[Dataset items]
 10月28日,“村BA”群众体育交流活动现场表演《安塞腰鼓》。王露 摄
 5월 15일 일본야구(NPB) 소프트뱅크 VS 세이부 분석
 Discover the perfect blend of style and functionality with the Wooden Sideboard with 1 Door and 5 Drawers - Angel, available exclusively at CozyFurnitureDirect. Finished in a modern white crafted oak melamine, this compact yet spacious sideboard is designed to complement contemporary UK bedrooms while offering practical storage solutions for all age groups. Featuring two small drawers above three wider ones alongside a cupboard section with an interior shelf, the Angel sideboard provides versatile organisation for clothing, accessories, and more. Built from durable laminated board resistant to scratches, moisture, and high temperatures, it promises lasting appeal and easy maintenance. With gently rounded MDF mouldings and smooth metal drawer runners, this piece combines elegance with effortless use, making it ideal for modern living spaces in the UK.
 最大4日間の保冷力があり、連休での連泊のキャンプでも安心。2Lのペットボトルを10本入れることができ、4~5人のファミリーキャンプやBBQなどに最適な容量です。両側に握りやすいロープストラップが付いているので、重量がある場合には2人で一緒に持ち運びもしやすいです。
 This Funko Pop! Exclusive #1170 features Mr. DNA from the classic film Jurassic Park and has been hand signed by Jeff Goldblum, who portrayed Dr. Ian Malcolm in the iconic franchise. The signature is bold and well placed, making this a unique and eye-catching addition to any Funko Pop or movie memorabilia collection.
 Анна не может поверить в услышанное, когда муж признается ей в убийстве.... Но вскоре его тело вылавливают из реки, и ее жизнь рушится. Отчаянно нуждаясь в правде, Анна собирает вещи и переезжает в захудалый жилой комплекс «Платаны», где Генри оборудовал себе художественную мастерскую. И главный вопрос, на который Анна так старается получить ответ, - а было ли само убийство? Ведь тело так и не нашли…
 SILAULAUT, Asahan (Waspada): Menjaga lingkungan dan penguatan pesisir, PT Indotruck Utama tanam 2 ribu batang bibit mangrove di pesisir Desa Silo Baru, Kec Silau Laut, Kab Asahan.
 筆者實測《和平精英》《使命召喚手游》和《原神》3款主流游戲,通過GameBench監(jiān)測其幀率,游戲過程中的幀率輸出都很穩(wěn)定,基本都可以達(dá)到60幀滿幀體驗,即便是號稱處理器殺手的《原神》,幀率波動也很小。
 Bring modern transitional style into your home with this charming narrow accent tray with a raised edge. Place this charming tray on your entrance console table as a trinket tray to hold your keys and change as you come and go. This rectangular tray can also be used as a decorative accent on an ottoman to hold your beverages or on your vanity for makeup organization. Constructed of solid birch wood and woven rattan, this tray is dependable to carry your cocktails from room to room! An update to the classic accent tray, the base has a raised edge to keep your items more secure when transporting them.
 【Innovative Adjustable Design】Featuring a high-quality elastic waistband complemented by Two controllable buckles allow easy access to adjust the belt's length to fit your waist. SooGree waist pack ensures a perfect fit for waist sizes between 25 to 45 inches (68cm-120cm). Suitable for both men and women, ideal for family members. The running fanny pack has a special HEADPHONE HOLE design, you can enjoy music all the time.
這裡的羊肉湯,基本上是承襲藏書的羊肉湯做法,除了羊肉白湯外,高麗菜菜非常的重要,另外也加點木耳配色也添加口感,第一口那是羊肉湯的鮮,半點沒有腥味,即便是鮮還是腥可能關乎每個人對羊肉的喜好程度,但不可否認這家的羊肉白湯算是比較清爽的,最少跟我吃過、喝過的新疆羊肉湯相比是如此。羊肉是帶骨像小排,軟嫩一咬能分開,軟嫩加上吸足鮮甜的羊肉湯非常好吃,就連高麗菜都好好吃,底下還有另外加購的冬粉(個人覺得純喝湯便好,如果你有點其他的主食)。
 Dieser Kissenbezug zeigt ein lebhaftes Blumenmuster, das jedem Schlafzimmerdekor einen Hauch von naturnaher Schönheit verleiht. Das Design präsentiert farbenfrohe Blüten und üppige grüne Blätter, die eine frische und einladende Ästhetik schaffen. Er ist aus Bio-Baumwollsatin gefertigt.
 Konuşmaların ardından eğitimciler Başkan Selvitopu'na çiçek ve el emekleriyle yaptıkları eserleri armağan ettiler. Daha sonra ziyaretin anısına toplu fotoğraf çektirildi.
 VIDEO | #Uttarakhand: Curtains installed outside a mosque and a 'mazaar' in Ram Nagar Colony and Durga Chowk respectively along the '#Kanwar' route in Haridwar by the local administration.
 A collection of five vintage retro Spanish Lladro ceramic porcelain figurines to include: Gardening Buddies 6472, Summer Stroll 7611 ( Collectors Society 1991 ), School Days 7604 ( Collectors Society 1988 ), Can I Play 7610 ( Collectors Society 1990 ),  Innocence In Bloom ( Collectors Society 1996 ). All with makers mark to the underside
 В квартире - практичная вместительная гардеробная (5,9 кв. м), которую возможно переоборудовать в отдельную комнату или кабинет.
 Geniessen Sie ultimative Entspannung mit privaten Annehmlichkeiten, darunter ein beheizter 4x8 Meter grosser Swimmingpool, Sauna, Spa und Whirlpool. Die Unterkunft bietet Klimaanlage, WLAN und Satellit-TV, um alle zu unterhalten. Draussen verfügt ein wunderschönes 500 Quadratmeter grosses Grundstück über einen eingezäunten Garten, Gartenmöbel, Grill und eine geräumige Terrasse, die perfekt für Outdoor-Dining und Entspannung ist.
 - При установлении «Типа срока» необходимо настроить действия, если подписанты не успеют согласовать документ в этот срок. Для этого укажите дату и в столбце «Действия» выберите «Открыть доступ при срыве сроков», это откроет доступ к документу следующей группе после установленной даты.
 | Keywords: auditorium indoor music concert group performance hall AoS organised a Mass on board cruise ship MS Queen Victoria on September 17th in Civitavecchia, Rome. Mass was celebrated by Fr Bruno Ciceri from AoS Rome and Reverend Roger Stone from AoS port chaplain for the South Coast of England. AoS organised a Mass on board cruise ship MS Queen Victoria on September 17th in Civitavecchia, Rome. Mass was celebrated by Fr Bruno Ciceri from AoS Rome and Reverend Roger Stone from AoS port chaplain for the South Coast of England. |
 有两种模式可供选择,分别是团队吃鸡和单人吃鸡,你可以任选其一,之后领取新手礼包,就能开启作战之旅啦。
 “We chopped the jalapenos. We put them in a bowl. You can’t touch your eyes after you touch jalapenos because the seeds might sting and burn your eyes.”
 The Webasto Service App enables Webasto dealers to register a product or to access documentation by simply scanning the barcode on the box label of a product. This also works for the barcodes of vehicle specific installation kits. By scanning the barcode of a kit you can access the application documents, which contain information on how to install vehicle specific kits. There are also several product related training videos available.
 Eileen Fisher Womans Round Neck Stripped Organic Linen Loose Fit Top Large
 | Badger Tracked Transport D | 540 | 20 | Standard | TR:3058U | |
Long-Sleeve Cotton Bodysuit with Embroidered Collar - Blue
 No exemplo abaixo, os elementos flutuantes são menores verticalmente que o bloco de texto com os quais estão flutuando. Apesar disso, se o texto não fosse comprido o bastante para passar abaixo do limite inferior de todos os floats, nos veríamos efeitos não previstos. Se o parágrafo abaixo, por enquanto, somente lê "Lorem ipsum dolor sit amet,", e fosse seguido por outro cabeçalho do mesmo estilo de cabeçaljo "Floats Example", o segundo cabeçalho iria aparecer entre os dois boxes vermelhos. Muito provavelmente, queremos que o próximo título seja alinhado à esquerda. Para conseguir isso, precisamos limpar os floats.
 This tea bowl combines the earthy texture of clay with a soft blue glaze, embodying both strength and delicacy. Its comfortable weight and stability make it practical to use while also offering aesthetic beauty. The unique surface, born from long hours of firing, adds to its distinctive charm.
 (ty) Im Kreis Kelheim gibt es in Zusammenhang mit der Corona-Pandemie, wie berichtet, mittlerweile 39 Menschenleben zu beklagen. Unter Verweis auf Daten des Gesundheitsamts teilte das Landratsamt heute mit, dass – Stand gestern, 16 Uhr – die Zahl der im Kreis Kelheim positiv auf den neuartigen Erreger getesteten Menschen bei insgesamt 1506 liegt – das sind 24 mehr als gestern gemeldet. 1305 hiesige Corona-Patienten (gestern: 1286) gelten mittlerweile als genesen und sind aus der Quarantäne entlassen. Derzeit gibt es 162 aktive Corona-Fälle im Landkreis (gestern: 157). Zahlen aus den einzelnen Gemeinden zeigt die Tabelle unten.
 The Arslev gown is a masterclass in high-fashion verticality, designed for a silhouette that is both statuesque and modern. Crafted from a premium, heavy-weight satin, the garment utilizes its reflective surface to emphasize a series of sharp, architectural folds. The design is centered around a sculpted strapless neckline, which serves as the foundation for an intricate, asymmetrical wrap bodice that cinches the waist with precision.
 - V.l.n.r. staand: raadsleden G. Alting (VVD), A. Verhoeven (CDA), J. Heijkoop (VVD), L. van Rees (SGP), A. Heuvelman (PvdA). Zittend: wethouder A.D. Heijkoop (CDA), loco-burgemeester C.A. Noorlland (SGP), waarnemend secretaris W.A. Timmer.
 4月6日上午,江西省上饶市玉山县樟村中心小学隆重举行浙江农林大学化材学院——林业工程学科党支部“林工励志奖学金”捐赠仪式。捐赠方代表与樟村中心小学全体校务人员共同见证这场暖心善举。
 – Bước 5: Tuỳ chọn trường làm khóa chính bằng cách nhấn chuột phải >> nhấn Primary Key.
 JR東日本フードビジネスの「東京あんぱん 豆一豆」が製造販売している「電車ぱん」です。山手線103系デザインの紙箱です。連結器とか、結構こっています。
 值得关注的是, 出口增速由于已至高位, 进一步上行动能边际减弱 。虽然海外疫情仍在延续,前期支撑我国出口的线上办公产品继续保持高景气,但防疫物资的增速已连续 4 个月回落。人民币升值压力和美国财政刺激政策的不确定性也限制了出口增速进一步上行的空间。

YOUR TASK: All that is wanted is a faithful reproduction of the line above with "Dieser Kissenbezug zeigt", the line with "VIDEO | #Uttarakhand: Curtains", and every line in between.

ANSWER SECTION:
 Dieser Kissenbezug zeigt ein lebhaftes Blumenmuster, das jedem Schlafzimmerdekor einen Hauch von naturnaher Schönheit verleiht. Das Design präsentiert farbenfrohe Blüten und üppige grüne Blätter, die eine frische und einladende Ästhetik schaffen. Er ist aus Bio-Baumwollsatin gefertigt.
 Konuşmaların ardından eğitimciler Başkan Selvitopu'na çiçek ve el emekleriyle yaptıkları eserleri armağan ettiler. Daha sonra ziyaretin anısına toplu fotoğraf çektirildi.
 VIDEO | #Uttarakhand: Curtains installed outside a mosque and a 'mazaar' in Ram Nagar Colony and Durga Chowk respectively along the '#Kanwar' route in Haridwar by the local administration.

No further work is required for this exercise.